Nitsuh-i have felt religous joy before, and i am aware of the spirit whenever and however it comes-what i am struggling with- is what tat spirit is defined as.

Aaron- i know your not- i go to mass every week, pray twice a day, go to reconcillation, i am not sure if that counts

anthony easton (anthony), Tuesday, 24 September 2002 23:39 (twenty-three years ago)

I agree with nabisco, and I want to add that since the "born again" process is generally based on emotion, that it may be slightly artificial. One's emotions are not totally reliable.

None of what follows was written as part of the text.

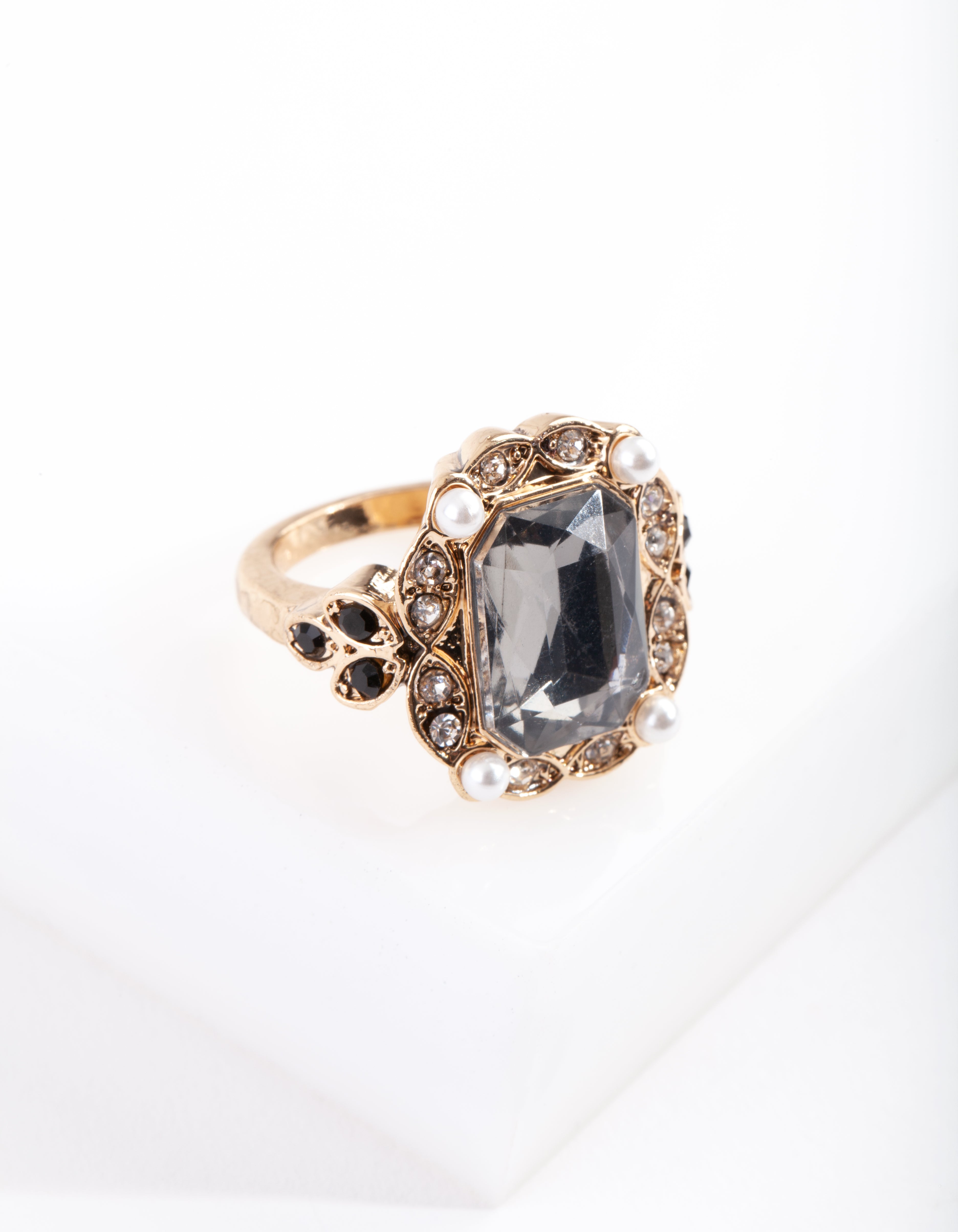 Make a statement with one of our stunning fashion rings. Stack with other styles for extra impact or wear alone for a refined addition to your ensemble. This ring features a diamante embellished large black stone design in a gold-tone setting.åÊ

But if after the 'born again" process you then can go on and acquire a knowledge about what Christianity truly is then it is not a bad thing, but that may be difficult. I would say the best way to do that would be to pretty much ignore whatever the chuch tells you, and read the Bible as honestly as you can and deeply critize it to find it's real truth. Starting off into christianity may be a unstable thing especially if it is based on an emotional "birth".

A Nairn (moretap), Wednesday, 25 September 2002 01:23 (twenty-three years ago)

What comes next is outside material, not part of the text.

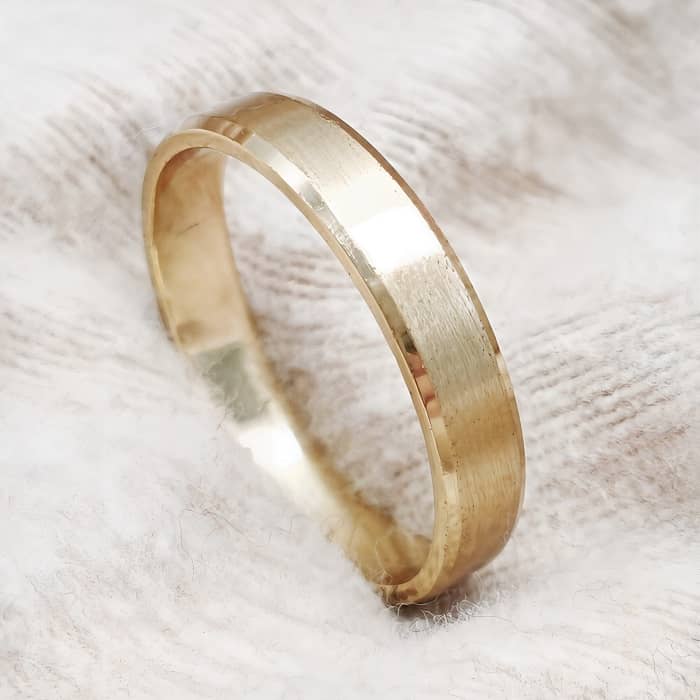 Alianza de oro 18k fabricada a mano de 4 mm de ancho matizada borde en brillo

"i go to mass every week, pray twice a day, go to reconcillation"

I would recommend that you check to see if you are ever unwilling doing these things out of duty, and not out of a love for God. In my opinion I think it is worse to do these things out of duty than to not do them at all.


A Nairn (moretap), Wednesday, 25 September 2002 01:29 (twenty-three years ago)

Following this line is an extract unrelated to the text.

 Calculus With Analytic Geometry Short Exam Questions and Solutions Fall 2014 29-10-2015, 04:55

Religious extacy is real; this by no means indicates that the doctrine of the church where the extacy was experienced is correct, or even worth a bean. Your exstatic experience should be the beginning, not the end, of a lot of self-examination.

Colin Meeder (Mert), Wednesday, 25 September 2002 07:31 (twenty-three years ago)

(Colin just said what I was thinking but couldn't articulate.)

Dan Perry (Dan Perry), Wednesday, 25 September 2002 10:54 (twenty-three years ago)

Yes, Dan, but at least you can spell "ecstacy" and "ecstatic".

Colin Meeder (Mert), Wednesday, 25 September 2002 12:01 (twenty-three years ago)

who is the holy spirit ?

and why would i have an ecstatic experince in a place i dismissed out of hand ?

anthony easton (anthony), Wednesday, 25 September 2002 13:23 (twenty-three years ago)

I don't know the answer to those questions, Anthony, but they're very good questions indeed, and you just got a heaping helping of potential answer fodder.

Anyway, I haven't been a Christian in years, but I still can't dismiss the notion of the holy spirit.

Colin Meeder (Mert), Wednesday, 25 September 2002 13:29 (twenty-three years ago)

Some people on this thread seem to be agreeing that "religious ecstasy is real" but completely meaningless: i.e., it doesn't say anything to reality.

This makes me want to strip the "religious" part off of it, which however much Dan and Colin might deny it is exactly what they're doing: they're saying "ecstasy is real it says nothing about religion."

And Aaron please note that I'm not saying all religion interprets or manipulates your emotions after the fact (though some do). My point is that religion by definition interprets your emotions before the fact -- i.e., it hands you an interpretation of them, a framework for understanding them, so that when you do have them you take that as a confirmation of that framework and you do interpret them that way. (The biggest and most pliant of those frameworks is "there was a reason God meant that to happen," which, once you swallow it, can never be challenged.)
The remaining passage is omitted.